The problem for the finance sector is that banks make a significant proportion of their profits from charging interest on borrowing. With rates at rock-bottom levels, they have been forced to find new efficiencies in order to protect profit margins. Throughout 2020, this is likely to continue.

In the majority of cases, technology will provide the lifeline that banks are looking for. Digital solutions, from online banking to mobile apps, will allow financial institutions to better differentiate themselves from competitors and reduce their outgoings, all while providing customers with an improved service.

Artificial intelligence (AI) will also see increased adoption. An IHS Markit report from last year predicted that the value of AI in global banking will reach $300bn by 2030, with North America set to become the largest market over the next few years. Voice banking services – the kind that can be delivered by virtual personal assistants like Siri or Alexa – are also set to become more popular. According to a recent survey from Fiserv, more than half of Americans already perceive voice banking to be beneficial. If the coronavirus means that remote services continue to be encouraged by governments around the world, this figure could rise significantly.
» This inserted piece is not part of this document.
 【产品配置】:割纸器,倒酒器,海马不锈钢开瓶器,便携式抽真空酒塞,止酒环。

Technology will result in other market shifts too, with the emergence of neobanks likely to gather pace over the coming months. They and other fintech operators have caused significant disruption for established banks, many of which failed to foresee the popularity of digital services. They have belatedly started to catch on, which meant that 2020 was initially set up to be a busy year for mergers and acquisitions activity. This was likely to involve the mergers between smaller and mid-sized banks or the acquisition of digital laggards by more innovative players. The COVID-19 pandemic has meant that predictions of such activity may now be out of date.
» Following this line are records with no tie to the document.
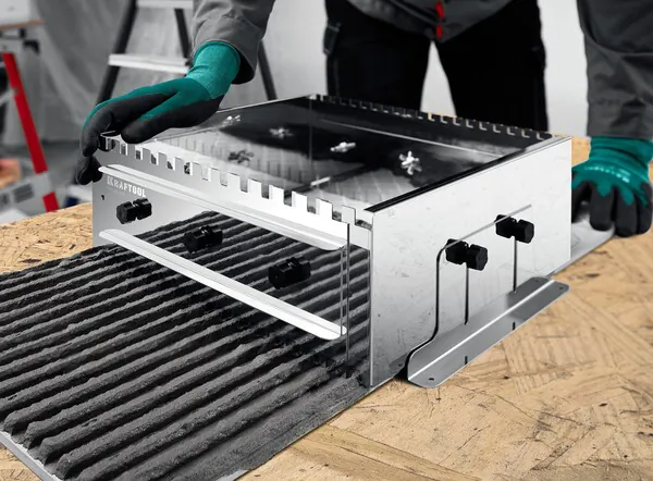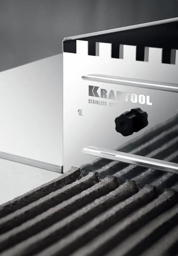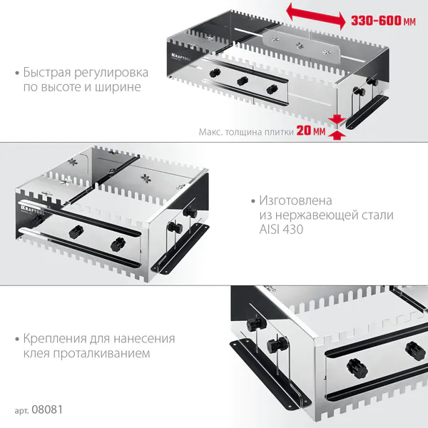 - KRAFTOOL BUNKER-4 зуб 8, 10, 12 мм, полукруг 10х20 мм, нерж. сталь, Раздвижная гребенка для плитки (08081)
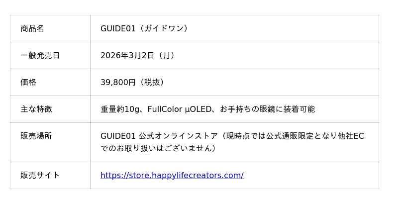 HappyLifeCreators株式会社(本社:大阪市淀川区、代表取締役:牧長 心)は、クラウドファンディング「GREEN FUNDING」にて目標比5,504%(支援額1,650万円超)という記録を達成した世界最小・最軽量級スマートディスプレイ「GUIDE01(ガイドワン)」を、2026年3月2日(月)より公式サイトにて一般販売開始いたしました。
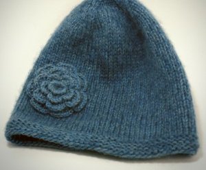 This is a very simple hat, although pretty, so it should be easy to make. The flower, however, is crocheted, so if you don't crochet, you'll have to come up with something else. I searched for knitted flowers on this site and there are several that would work, maybe the easiest one here http//www.allfreeknitting.com/Knit-Accessories/How == -to-Knit-a-Flower
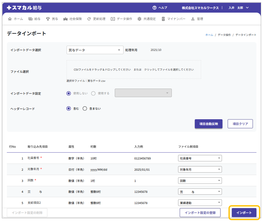 賞与データインポート
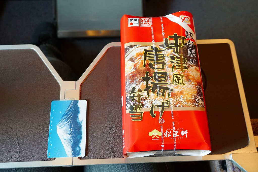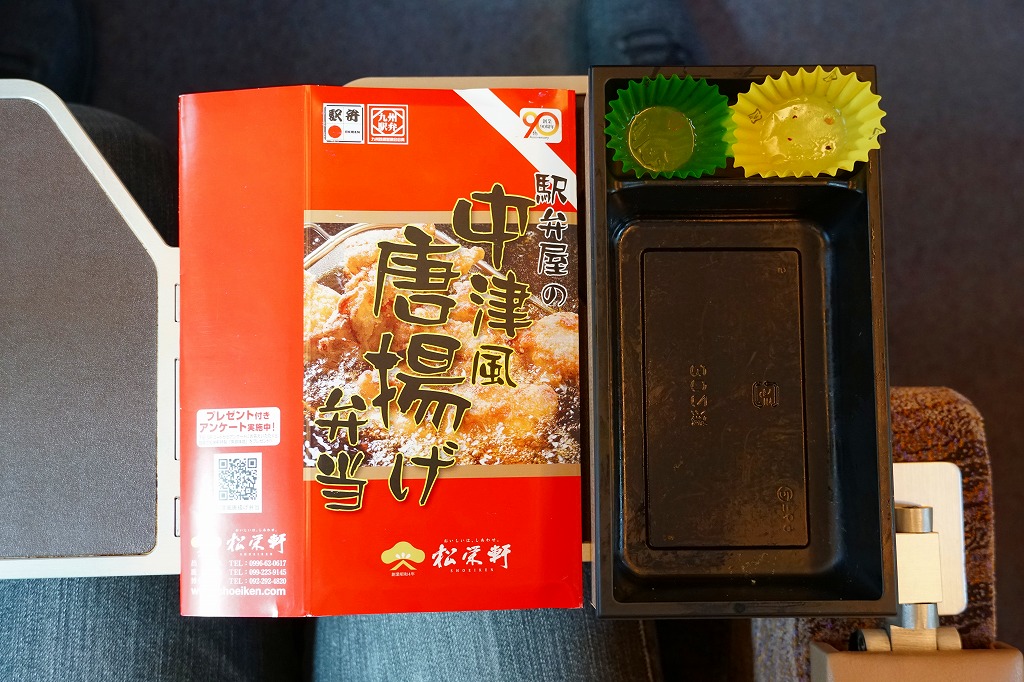 2018(平成30)年の秋に新大阪駅で発売か。鹿児島県の松栄軒の駅弁は、大分駅でも販売されているというから、これは大分駅の駅弁でもあるのだろうか。白御飯を錦糸卵や刻み海苔、駅弁にしては大きめの鶏唐揚や煮玉子で覆い、高菜と柴漬けを添える。唐揚げ弁当は駅弁には多くないが、これは衣が色も厚みも薄く、唐揚げというよりは竜田揚のような軽さを持つ。衣でなく肉に味を付けることが、中津からあげの特徴だという。大分県中津市には不思議と鶏唐揚屋が多かったそうで、21世紀になってからこれを「中津からあげ」と名付け、宣伝されるようになった。この駅弁が大分駅で現存するかは不詳。

The spread of the virus calls for strong leadership – this will be just as vital in the banking sector as anywhere else. The right conditions for potential dealmaking may still exist, but stability is likely to be the first port of call – once the safety of employees and customers has been guaranteed, of course.

Finding a purpose
Even if disruption from the coronavirus continues throughout the entirety of 2020 – or even beyond – there are some banking trends that are likely to continue unchanged. For a number of years now, customers have been demanding that their financial institutions adopt more sustainable and ethically sound policies. They want a bank driven by purpose, not profit.

The need to please this new breed of customer doesn’t necessarily mean upsetting investors: many banks are choosing to move away from supporting ethically questionable organisations, like fossil fuel companies, because it is financially prudent to do so. Earlier this year, research undertaken by asset manager BlackRock found that funds with high sustainability ratings performed better during a market sell-off.
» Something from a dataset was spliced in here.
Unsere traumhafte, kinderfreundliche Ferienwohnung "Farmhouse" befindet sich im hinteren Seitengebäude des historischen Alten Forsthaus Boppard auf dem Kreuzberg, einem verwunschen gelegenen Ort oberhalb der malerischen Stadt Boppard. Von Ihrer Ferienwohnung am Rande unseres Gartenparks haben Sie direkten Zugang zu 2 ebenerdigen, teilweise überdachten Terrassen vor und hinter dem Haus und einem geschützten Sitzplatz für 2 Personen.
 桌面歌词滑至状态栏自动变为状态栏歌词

In order to ensure banks consider the needs of all their stakeholders, relationship managers will become increasingly important. They will be tasked with accumulating important feedback from clients and customers about how the bank is performing, what services are operating satisfactorily and which ones are being badly received. Some banks struggled to maintain relationships during the height of the coronavirus pandemic as more of their staff worked remotely. As social distancing measures are eased globally, these relationship managers will be tasked with shoring up any damaged partnerships while also securing new ones.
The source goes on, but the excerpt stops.